The new date comes as the student loan forgiveness program — which would provide between $10,000 and $20,000 in debt relief per student borrower who does not exceed a certain income threshold — is shut down due to legal issues in several states. In early November, a Texas judge struck down the pardon plan; Then it was rejected again in the Eighth Circuit Court of Appeals in St.

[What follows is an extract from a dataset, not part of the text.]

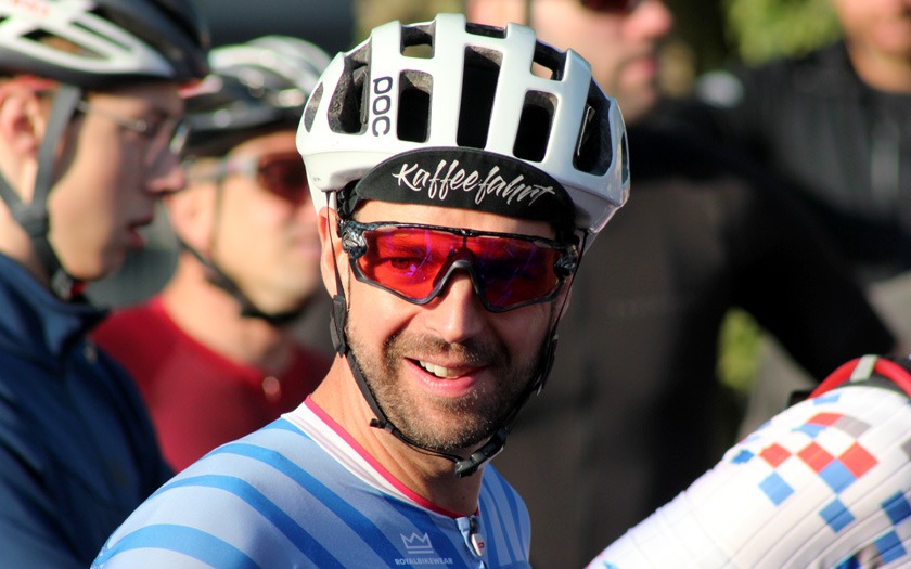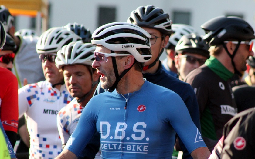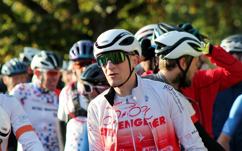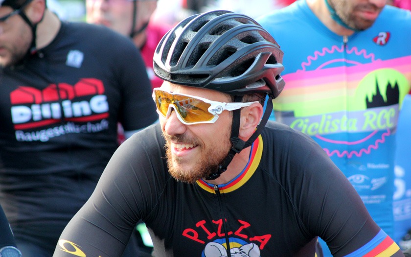 Jeder Starter unterstützt: Ein Teil des Startgeldes geht traditionell an die Tour der Hoffnung, die sich für kranke Kinder und Jugendliche engagiert. Wolfgang Rinn, im Trikot der Tour der Hoffnung, ist langjähriger Unterstützer und Mitwirkender der Tour. Foto: Stephan Dietel

Louis.

The lawsuits aim to completely overturn the Biden administration’s student loan forgiveness plan, with opponents claiming the president is eroding his authority with the loan forgiveness program.

White House Press Secretary Karine Jean-Pierre previously said, “The administration will continue to fight these baseless lawsuits by Republican officials and special interests and will never stop fighting to support working and middle-class Americans. “

While Biden is “absolutely convinced” that his loan forgiveness plan is legal, he acknowledges that the time it takes for the court to hear the case will financially harm thousands of Americans.

“It is not fair to ask the tens of millions of borrowers who qualify for exemption to repay their student loans,” Biden said in a statement. video posted on twitter expansion announcement.

Biden said the moratorium on student loan repayments would allow enough time for a Supreme Court case to continue in the current term. CNN,

The student loan deferral has been extended eight times since its inception in March 2020.